Photo description: two black hens investigating the pine flake spread on the ground to combat the mud from the previous day’s heavy rain, the new small coop behind them, hanging water and hanging feed in the foreground. The squirrel baffle over the feed is more to keep out the rain than squirrels.
Photo description: two Black Star hens in the foreground, and at least three of four Faverolle hens in the background behind a poultry wire divider.
Photo description: Magnet and Wingding accepting an offering of dried grubs.

So our current chicken count is at six. Two Black Star, and four Faverolle. We’ll keep them separated for a while where they can see each other, and later see what happens when they can mingle. Ideally they will share all the space, after they establish pecking order.

Throwback Thursday: Cribbage board

I went all out on this custom cribbage board back in December of 2004. I designed the Celtic knot triple path, shaped the oak board, carved storage recesses, installed hinges and a custom leather clasp, and even handmade the pins from twisted wire capped with blown glass.

Photo description: cribbage board shown paying side up, with three colors of glass pins, red, green, and blue to match the paths of the Celtic knot
Photo description: cribbage board shown closed, with half the pyrography design visible
Photo description: cribbage board shown open with storage compartments

Decembers before kids are a treasure trove of throwbacks. This board is pretty, but it hard to actually use, especially when there is alcohol involved. Those loops and whorls make counting a dizzy prospect.

Spindle weight

I wrote down the tare weight of my spindle so I could track the amount of yarn I’m building up.

Photo description: 22g written on the whorl of a hand made drop spindle, camel fiber and arm bag visible behind the whorl, calico cat on the sidewalk in the background

I’m working on a camel bump, which amuses me. Camel fiber is quite soft, and the mill processed it into a “bump”, which is roving wrapped into an oblong, much like how yarn is sold in the big box stores.

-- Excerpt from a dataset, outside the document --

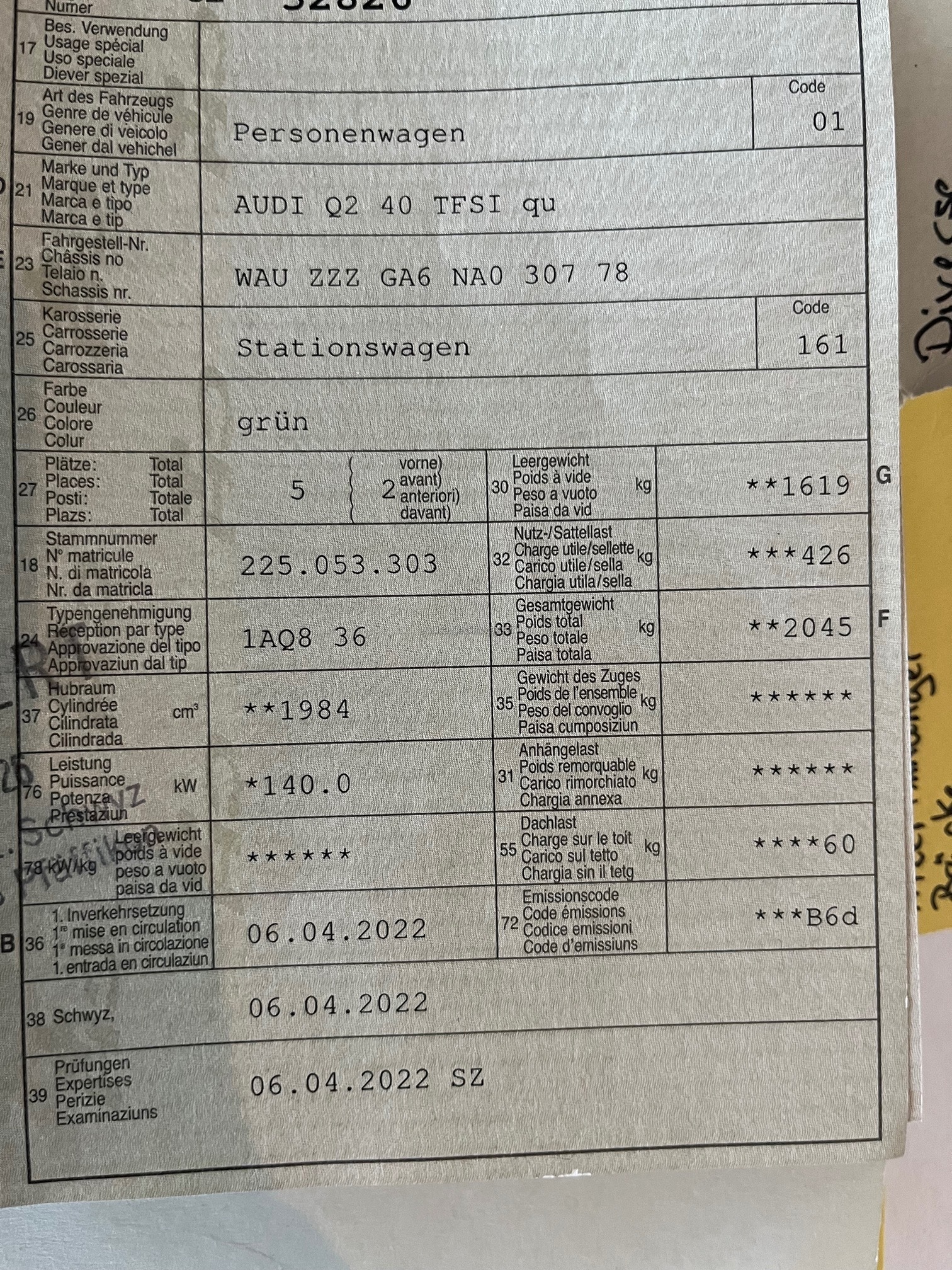 | Kommentar | CH-Fahrzeug in nahezu perfektem Zustand aus 1. Hand (Leasingrückläufer) Fahrzeug ist nahezu Voll ausgestattet, Neupreis CHF 67500.- Hat 3 Parkdellen & einen etwas grösseren Steinschlag in der Frontscheibe, jedoch ausserhalb des Sichtfeldes. Winterreifen ca. 3mm, Sommerreifen ca. 4-4.5mm Am Fahrzeug wurde kein Werkstatttest gemacht (Für sichtbare oder nicht sichtbare Mängel wird nicht gehaftet). Wir testen & kontrollieren nicht alle Funktionen des Fahrzeugs. Das Risiko liegt somit vollumfänglich beim Käufer. Ab Platz ohne Garantie, Wandelung und Minderung werden wegbedungen. Am Fahrzeug wurde kein Werkstatttest gemacht (Für sichtbare oder nicht sichtbare Mängel wird nicht gehaftet). Wir testen & kontrollieren nicht alle Funktionen des Fahrzeugs. Das Risiko liegt somit vollumfänglich beim Käufer. Ab Platz ohne Garantie, Wandelung und Minderung werden wegbedungen. |

I’m spinning it on my daily walks, then recording the weight.

Photo description: drop spindle with brown camel single spun yarn in a cop below the whorl, sitting on a digital scale that reads 26g
Photo description: same spindle the next day, and the scale reads 32g

My efficiency is improving, or I’m walking longer, which are both valuable outcomes. I spun 4g of fiber the first walk, and 6g on the second walk.

Best for last

The colored bracelet experiments continue, and this one is a winner. I tried a nålbinding stitch with the neon rainbow satin cord, specifically the Telemark stitch in the Russian stitch family. It works beautifully. Not only do the interwoven loops look pretty, the color transitions are aesthetically pleasing.

Photo description: neon rainbow satin cord looped into a wide woven band using a Telemark nålbinding stitch, finished with a loop on one end and a celtic button knot on the other

The nature of nålbinding also makes finishing the ends less awkward. For the looped end, I pulled out the beginning stitches (which for me are always weird), and spiraled the end into the weave, securing it by melting with the hot wire Thread Zap.

Photo description: loop end of the bracelet showing the end of the cord melted to the neighboring cord and the Thread Zap II tool

The other end I pulled the loops closed, leaving a tail end which I tied into a button knot. The loops are stable, the clasp mechanism elegant, and I’m already planning additional projects!

Photo description: same bracelet shown closed.